▶ _Task description_
An exact transcription is needed, beginning at the line with "华大在线讯(记者 郝日虹)6" and ending at the last line of the listing, with pictures left out and nothing else added.
** Available records follows **
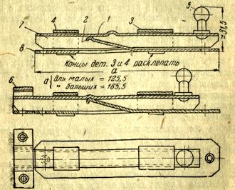 Задвижка, изображённая на рис. 4, состоит из верхнего основания (1), пружины (2), большой скобки (3), малой скобки (4), ручки (5), накладки (6),
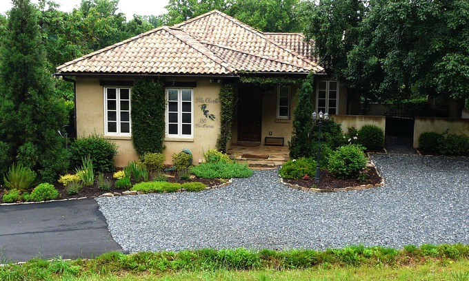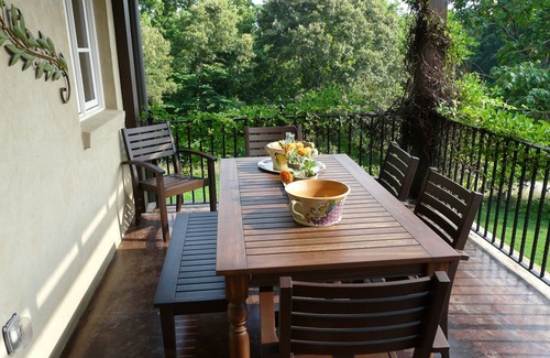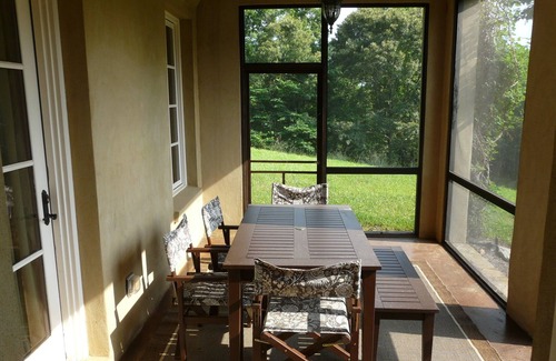 5 Bedroom, 3.5 Bathroom Tuscan Inspired Villa. Spacious open floor plan. Master on main with luxurious King size bed and sumptuous bedding. The master bath features a vintage style claw foot tub to spoil you, separate shower, plus double sinks with granite countertop. Large gourmet kitchen with Kitchen Aid commercial style appliances, separate island with breakfast bar, refrigerator with ice maker, separate wine/beverage fridge, plus Butler's pantry. Kitchen is open to the dining area and adjoining Great Room which features solid wood beams on ceiling. Great room is perfect place to relax in front of the wood burning fireplace or premium 55' flat screen TV. The quaint day bedroom just off the family room on the main floor sleeps two. Additional features include a covered veranda with tongue and groove ceiling, large courtyard and gas fireplace and a screened in veranda on the terrace level. Additionally, there are two bedrooms with King size beds with ensuite bathrooms, a third bedroom with Queen size bed (which shares the bathroom and access with a king ensuite, or can access via screened in patio), and a large laundry room with two sets of washers and dryers. Private, wooded lot yet walking distance to vineyard and only half mile from Le Vigne Restaurant and Winery.
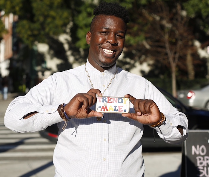 I was happy to finally meet former Fashion Bomber Roeman from New Jersey , who showed off his design skills with a plexi trimmed black outfit, modeled by friend Brielle.
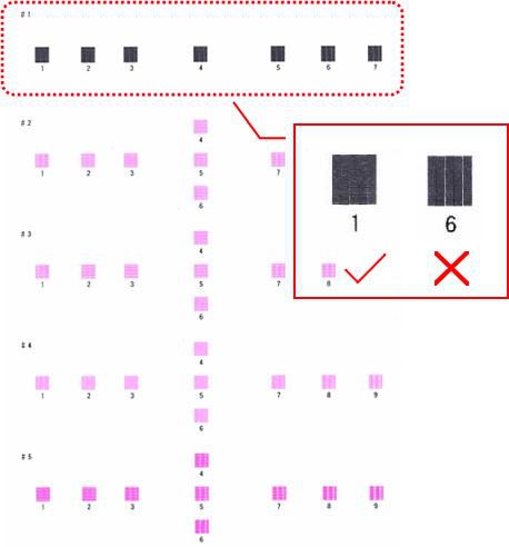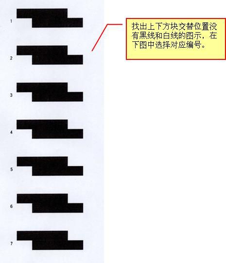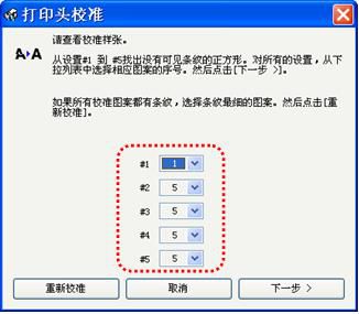 4. 打印完毕后查看校准样张,如图(7),样张中共有5组校准图案(#1、#2、#3、#4、#5),其中#1有7个方块为黑白垂直校准样张,#2、#3、#4、#5每组有9个黑色色块,请在同组中选取其中未出现可见的白色竖纹的色块,如图(7)校准样张的#1组中,1号色块没有白色竖纹,在图(8)#1对应的下拉列表中选择序号“1”,点击“下一步”;
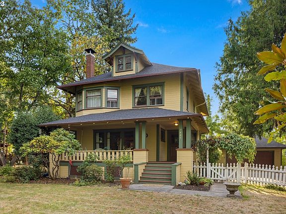 Classic PDX style home full of historic character. This 1910 gem exudes timeless charm. Surrounded by the lush canopy of beautiful trees, this property offers a serene and private oasis within the city. A standout feature is the oversized two-car garage, a rare find in historic homes. Including a nostalgic front porch, french doors, pocket doors, bay windows, and a foyer. Walk outside on to the incredible .58-acre lot with a variety of fruit and nut trees. This historic Portland home, with its blend of history and contemporary living, is a rare opportunity. The zoning also allows for an ADU or lot partition for a second home or multifamily property. Buyer to complete there own due diligence for development opportunities.
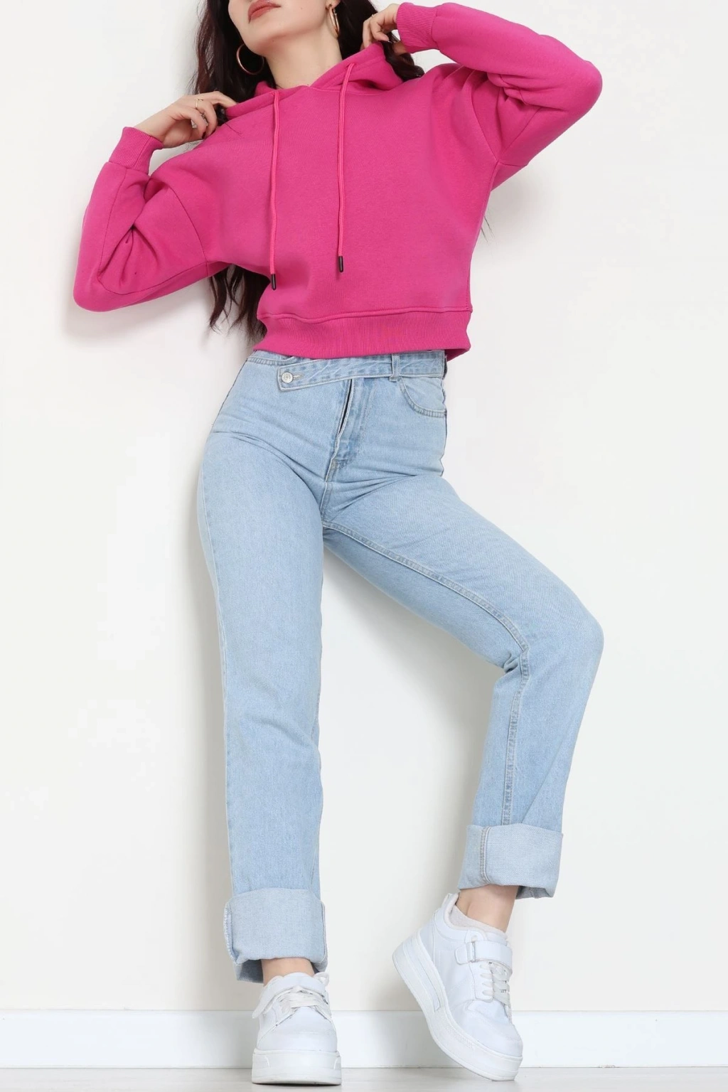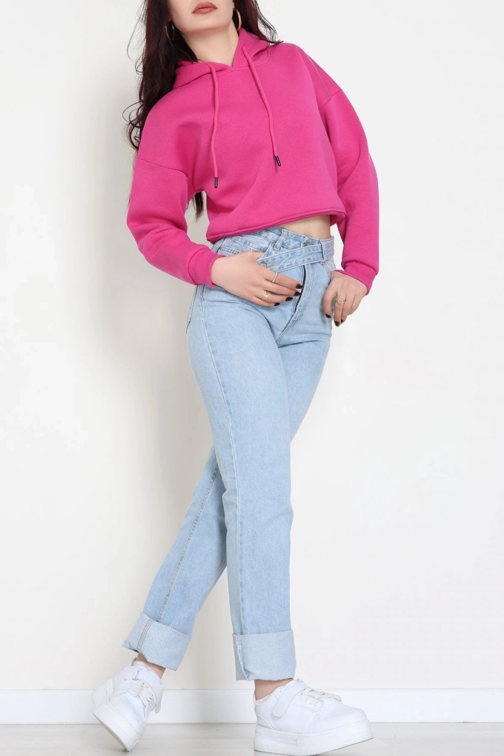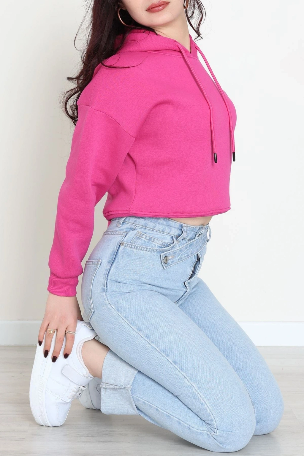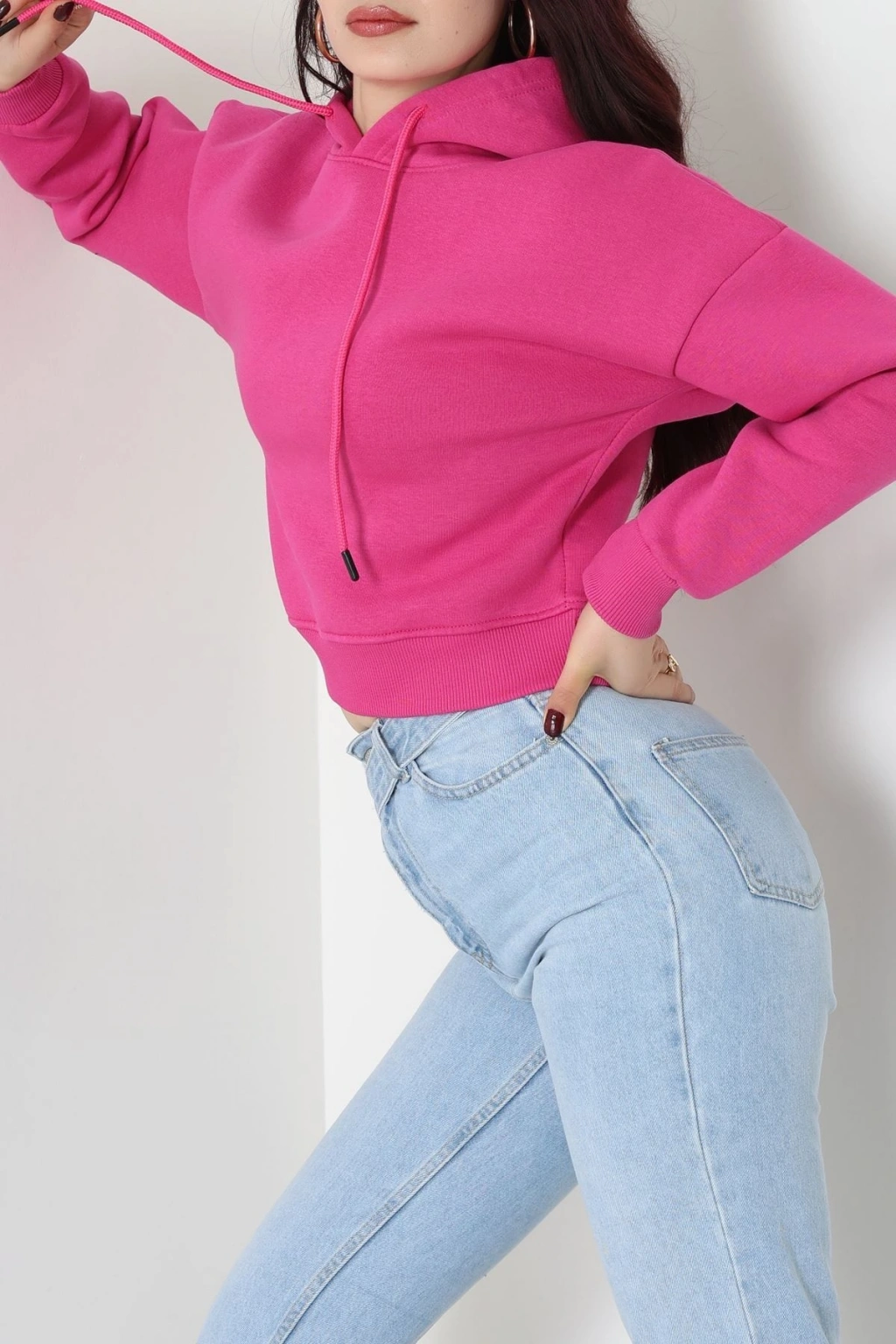 3 İplik Kapşonlu Crop Sweat Fuşya - 20959.1878.
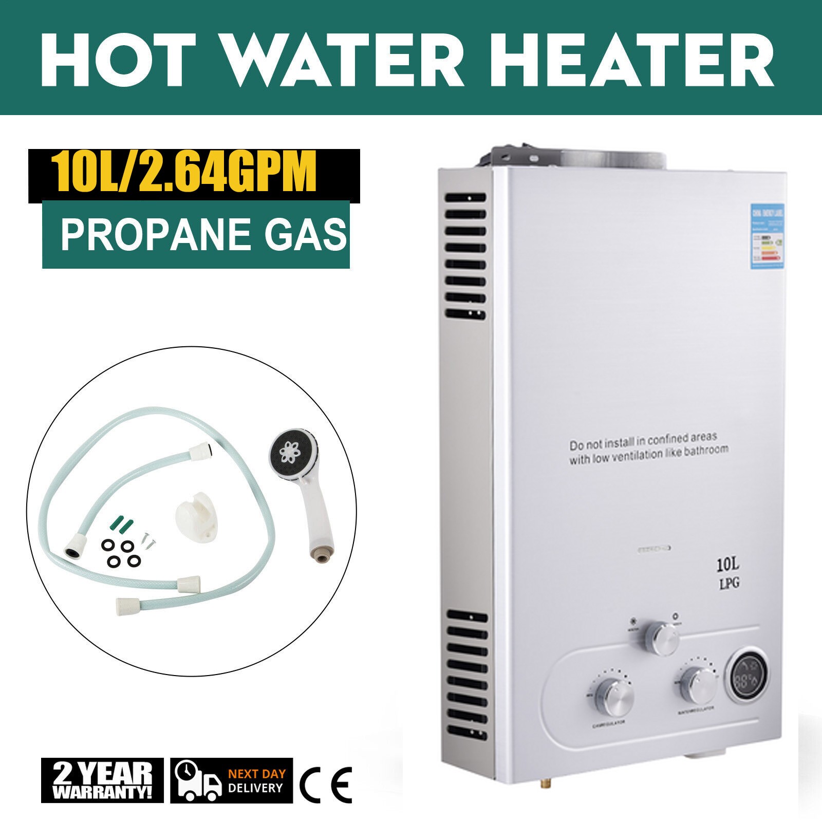 8L LPG Propane Gas Tankless Instant Hot Water Heater Boiler With Shower Kit
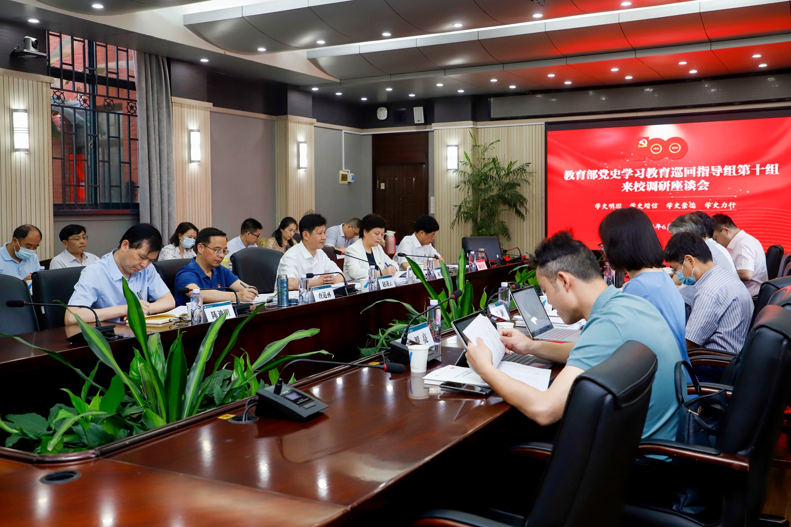 华大在线讯(记者 郝日虹)6月24日,教育部党史学习教育高校第十巡回指导组一行来校调研,指导我校党史学习教育工作。组长欧可平、副组长罗中枢、白华以及巡回指导组全体成员出席调研座谈会。学校党史学习教育领导小组全体成员、学校党史学习教育领导小组办公室成员单位负责人出席。校长郝芳华主持会议。
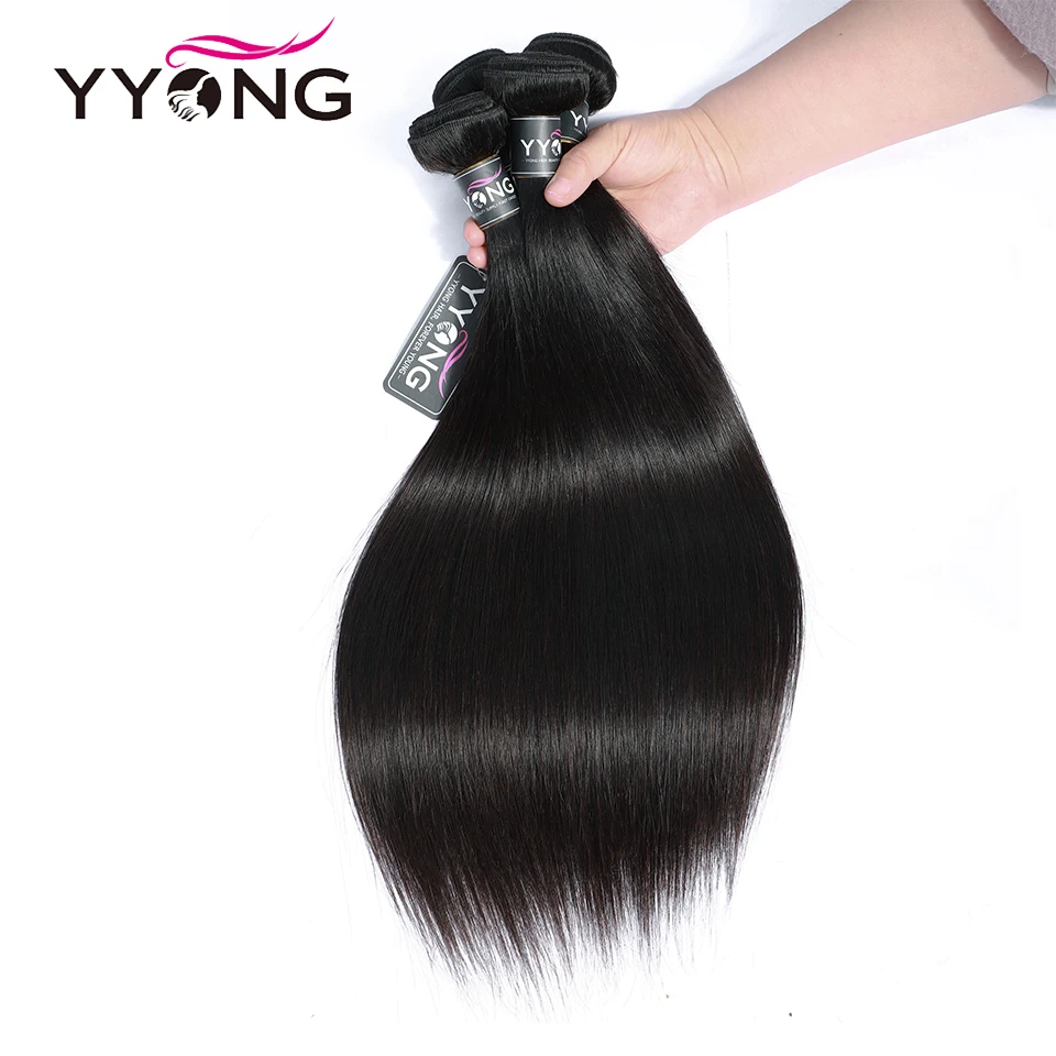 Прямые перуанские пряди волос Yyong, пряди из 100% человеческих волос, 4 пряди, натуральный цвет, наращивание волос без повреждений, 8-26 дюймов, можно повторить
** End of Available records **
▶ _Answer_
 华大在线讯(记者 郝日虹)6月24日,教育部党史学习教育高校第十巡回指导组一行来校调研,指导我校党史学习教育工作。组长欧可平、副组长罗中枢、白华以及巡回指导组全体成员出席调研座谈会。学校党史学习教育领导小组全体成员、学校党史学习教育领导小组办公室成员单位负责人出席。校长郝芳华主持会议。
 Прямые перуанские пряди волос Yyong, пряди из 100% человеческих волос, 4 пряди, натуральный цвет, наращивание волос без повреждений, 8-26 дюймов, можно повторить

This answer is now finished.